Higher Education Levels and Developing Careers Are Reasons Behind Women Over 40 Having More Babies
The report said: “In most developed countries, women have been increasingly delaying childbearing to later in life, which has resulted in rising fertility rates among older women.
“This may be due to a number of factors such as increased female participation in higher education and the labor force, the increasing importance of a career, the rising costs of childbearing, labor market uncertainty and housing factors.
“Rising fertility rates at older ages have affected the average age of mothers, which has been increasing since 1975, reaching 30.3 years in 2015.”

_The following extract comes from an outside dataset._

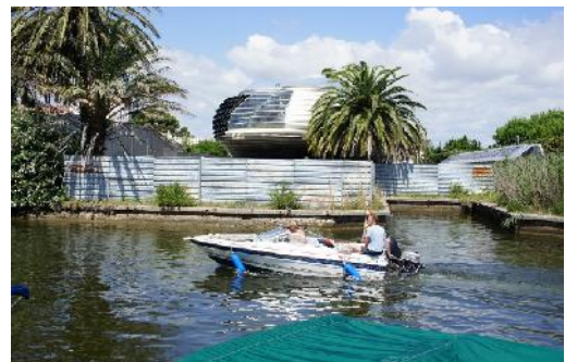
Is that a spaceship?

A spokeswoman for the British Pregnancy Advisory Service said: “The trend towards older motherhood is here to stay, and there are many understandable reasons why women today are waiting longer to start or expand their families than those in previous decades.
“Rather than bemoaning this development, we should seek to understand and support the decisions women make.
“More affordable childcare and improved maternity rights may make it easier for some women to start their families earlier if they wish, but we also need to ensure we have high quality reproductive healthcare services configured to meet women’s needs, whatever the age at which they conceive.”
The ONS report also said more than a quarter (27.5%) of births in 2015 were to mothers born outside the UK – the highest level on record.
This percentage has increased every year since 1990, when it was 11.6%.
The long-term rise in babies being born outside marriage or civil partnership has also continued, the ONS said, with 47.7% of all babies in 2015 born outside marriage or a civil partnership, up slightly on the previous year.
In 2015, fertility rates decreased for women in all age groups under 25, and increased for all age groups 30 and over compared with 2014.
Women aged 30 to 34 have had the highest fertility of any age group since 2004, when it was 25 to 29.
Overall, there were 697,852 live births in England and Wales in 2015, an increase of 0.4% from 2014.
In 2015, women had an average of 1.82 children each, down from 1.83 in 2014.